Colorado Springs News, Sports & Business

Lamborn apologizes to Obama over reference to 'tar baby'

JOHN SCHROYER Updated: August 1, 2011 at 12:00 am

U.S. Rep. Doug Lamborn sent an apology to the White House Monday concerning a comment he made Friday during an interview with a Denver radio station.

He said during the interview about Obama's budget policies that being linked to President Barack Obama would be “like touching a tar baby.”

“I don’t even want to have to be associated with him. It’s like touching a tar baby, and you get it — you know, you’re stuck, and you’re part of the problem now, and you can’t get away,” Lamborn said. “I don’t want that to happen to us (Republicans), but if it does, or not, he’ll still get — properly so — the blame, because his policies, for four years, will have failed the American people.”

Though “tar baby” is defined in Merriam-Webster’s dictionary as “something from which it is nearly impossible to extricate oneself,” it has also long been recognized as a derogatory term for blacks.

Regardless of definition, Lamborn is taking serious heat from several angles. Two local black community leaders immediately condemned the congressman's comments, and said he should know better.

Rosemary Harris Lytle, president of the Colorado Springs chapter of the NAACP, said the connotations of the phrase "tar baby" are too well-known to make Lamborn's use of it excusable.

"The world already views (El Paso County) as ultra conservative, ultra right wing, Tea-Party-loving, gay bashing, an epicenter of hate. With two vitriolic words, our own Congressman again sealed our fate," Harris Lytle said.
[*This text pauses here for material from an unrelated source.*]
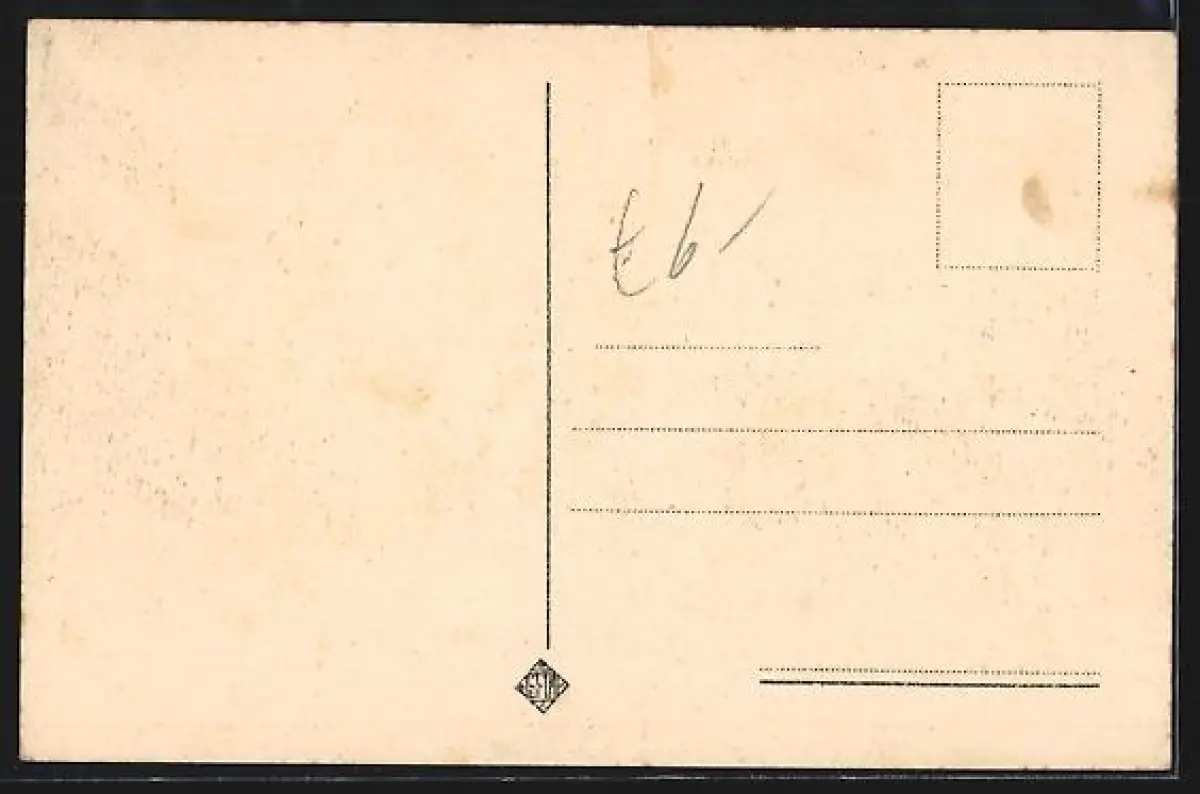 Personenbezogene Daten auf der Rückseite der Karte wurden durch blauen Textmarker unkenntlich gemacht. Die blauen Stellen sind auf die Vorderseite durchgeweicht und wirken sich negativ auf das Postkartenfoto aus

Diane Allen-Philips, president of the Urban League of the Pikes Peak Region, said the congressman should be more conscious of the type of example he's setting.

"I don’t think you can just toss that phrase out and not have it associated with the past," said Allen-Philips. "If Barack Obama was not African American, would he have used the same terminology?"
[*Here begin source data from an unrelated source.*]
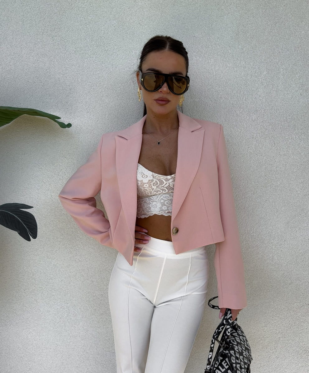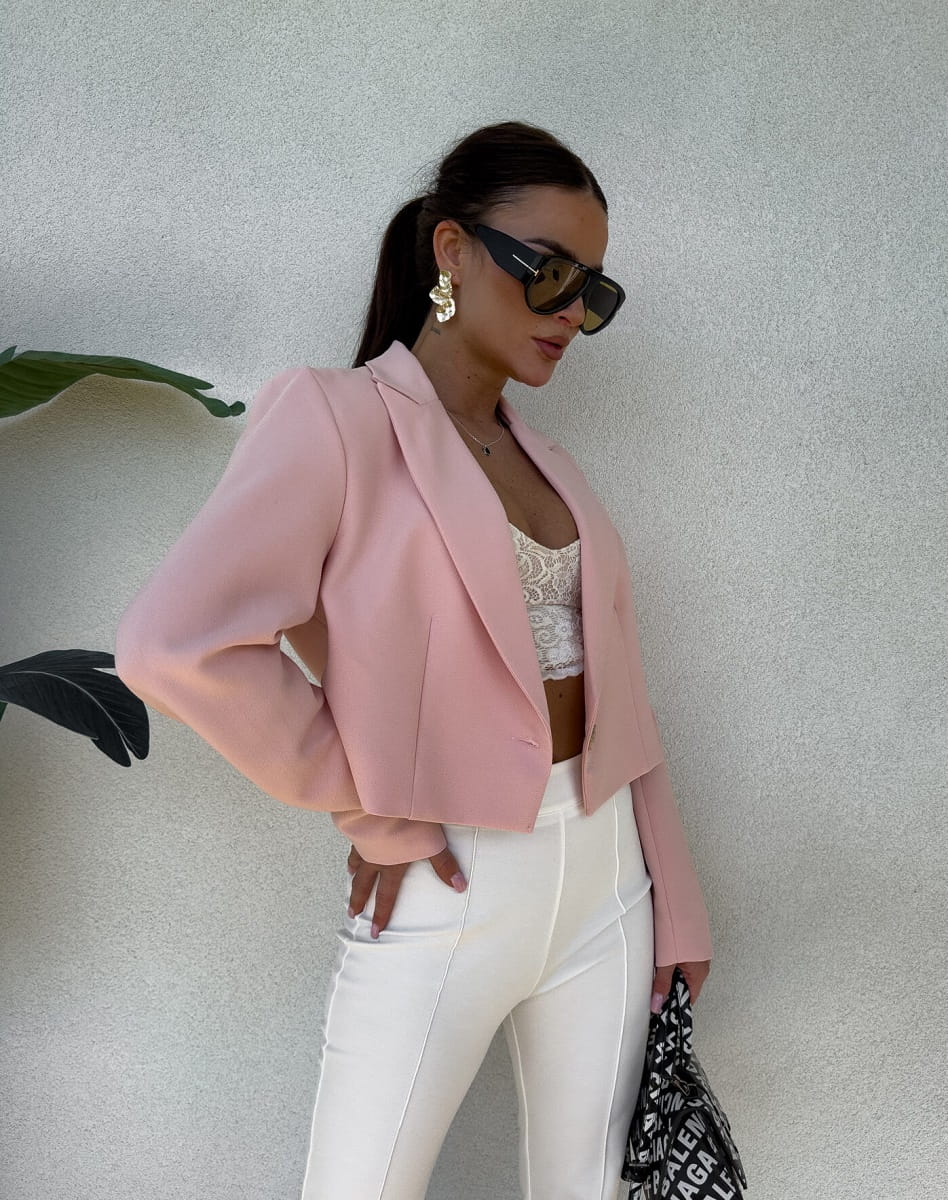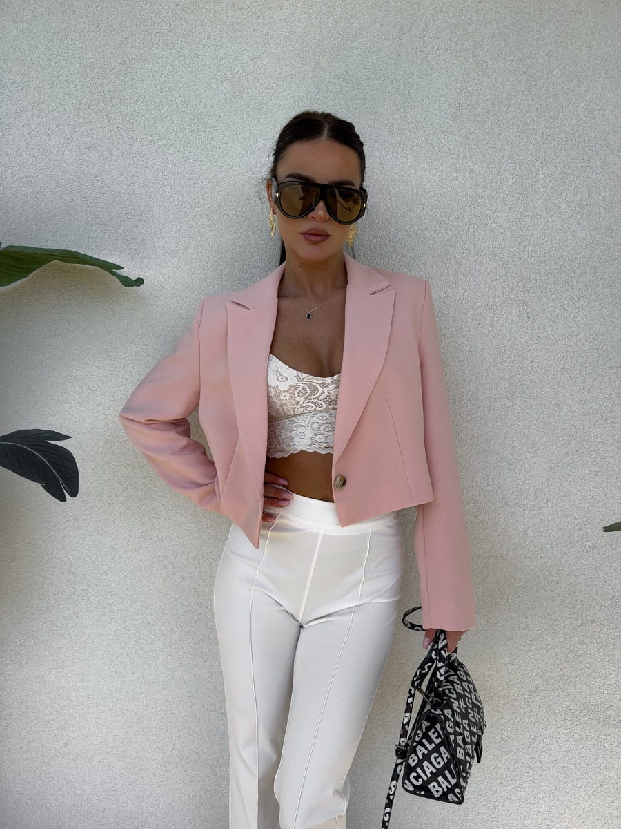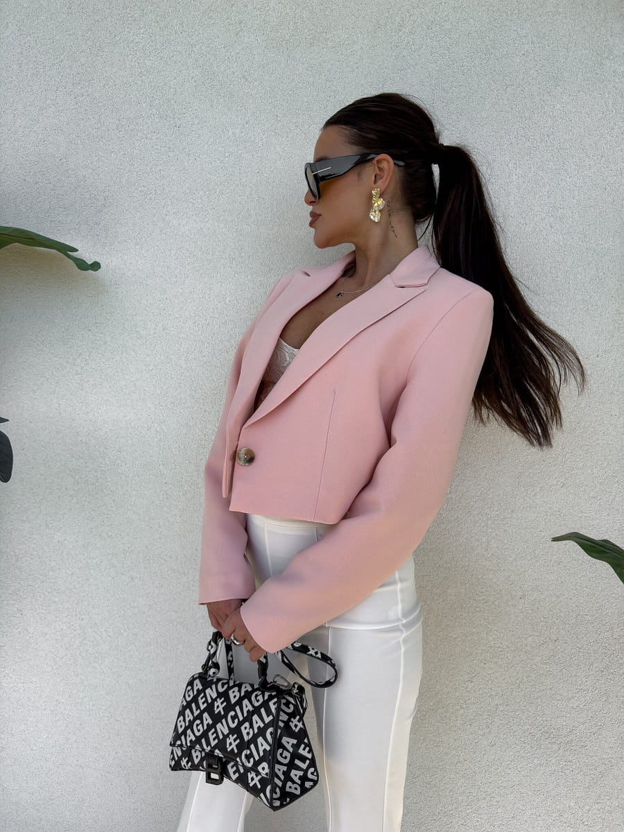 Marynarka o krótkim kroju, gładkie wykończenie. Marynarka posiada podszewkę, zapięcie regulowane przy pomocy guzika.
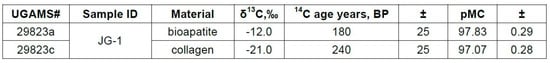 - Brock, F., V. Geoghegan, B. Thomas, K. Jurkschat, and T. F. G. Higham. 2013. Analysis of Bone “Collagen” Extraction Products for Radiocarbon Dating. Radiocarbon 55: 445–63. [Google Scholar] [CrossRef]
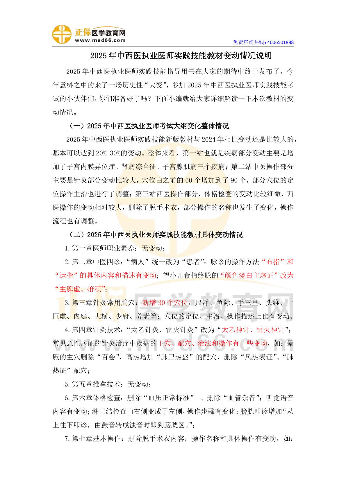 2025年中西医执业医师《实践技能》官方教材变动情况说明
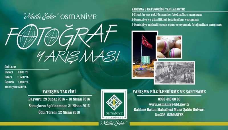 Osmaniye Belediyesi tarafından ?Mutlu Şehir Osmaniye Fotoğraf Yarışması? adı altında 3 kategoride düzenlenen ödüllü fotoğraf yarışmasında başvurularda son haftaya gelindi. Osmaniye?ye ait Siyah Beyaz Eski Fotoğraf Yarışması, Osmaniye ve Güzellikleri Fotoğraf Yarışması ile Osmaniye Mahalli Çocuk Oyun ve Oyuncakları Fotoğraf Yarışmaları kategorilerinde düzenlenen fotoğraf yarışmalarına başvurular devam ediyor.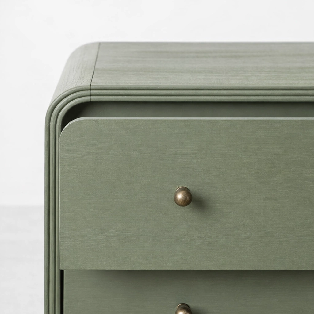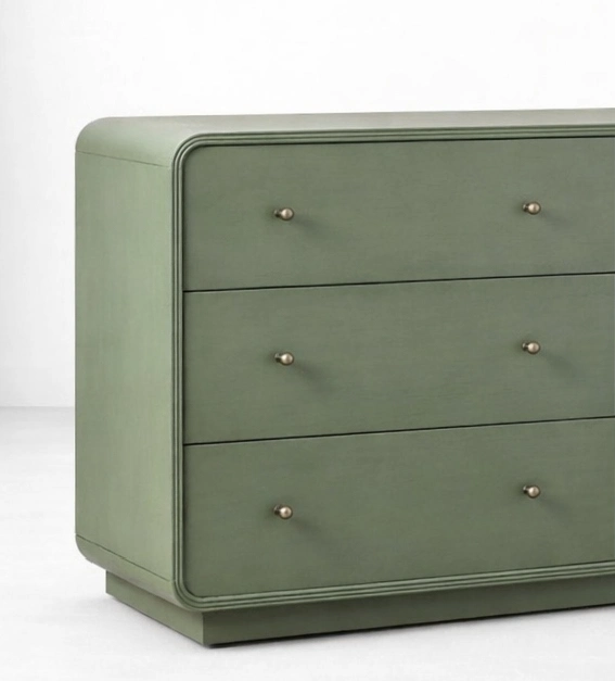 Its muted sage green finish, rounded outer profile, and clean six-drawer layout give it a calm and refined furniture character.

In an email, Lamborn spokeswoman Catherine Mortensen wrote, "Congressman Lamborn regrets any misunderstanding. He simply meant to refer to a sticky situation or quagmire.”
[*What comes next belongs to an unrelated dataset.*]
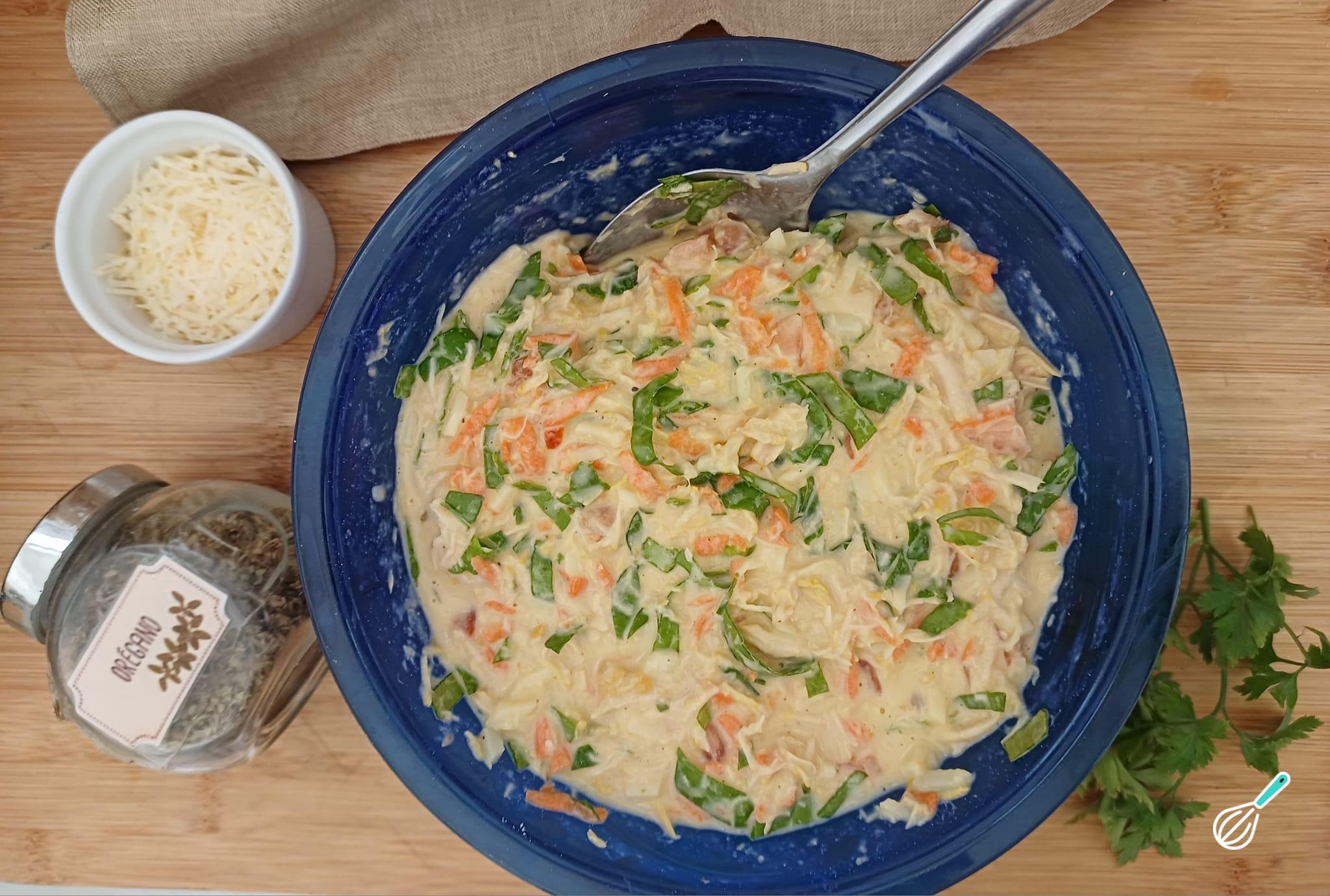 Para esta receita, usaremos goma de tapioca, ovos e requeijão cremoso, proporcionando uma torta leve e bem saborosa que junto com os legumes e o frango cozido e desfiado poderá ser servida como prato principal!

Mortensen said neither Lamborn's district or Washington, D.C. offices had received any complaint about the "tar baby" comment until Denver radio show host David Sirota aired the interview clip Monday morning on 760 AM.

Monday evening, Lamborn's office sent a news release saying he had "sent a personal letter to President Barack Obama apologizing for using a term some find insensitive." The release said Lamborn is "confident that the President will accept his heartfelt apology."

Earlier in the day, El Paso County Democratic Party Chair Kathleen Ricker called for just such an apology, saying the congressman's statement was not enough.

“I am ashamed to call Doug Lamborn the federal representative for my community,” said Ricker. “For all that we try to do to convince the nation that our community is not a backwards, hateful, area, this foolish man speaks before thinking because he believes that politically he is invincible and invulnerable.”

Ricker's comments were immediately dismissed as "cheap political shots" by Eli Bremer, chair of the El Paso County Republican Party. Bremer said Lamborn's statement was being taken out of context, and was not at all intended as a reference to Obama's skin color.

"It's disgraceful that anyone would try and insinuate that he was being racist," said Bremer. "I think there are people out there who believe it is a racist term, but what’s important is not how people construe it but how it’s intended. It’s really unfair to take something completely out of context and try to politically destroy them because of it."

Lamborn isn't the only politician to ever land in hot water by using those two words. Former Massachusetts governor Mitt Romney was lambasted in 2006 for using the phrase in reference to a construction project, and U.S. Sen. John McCain had to apologize in 2007, during his presidential run, for using it in reference to divorces.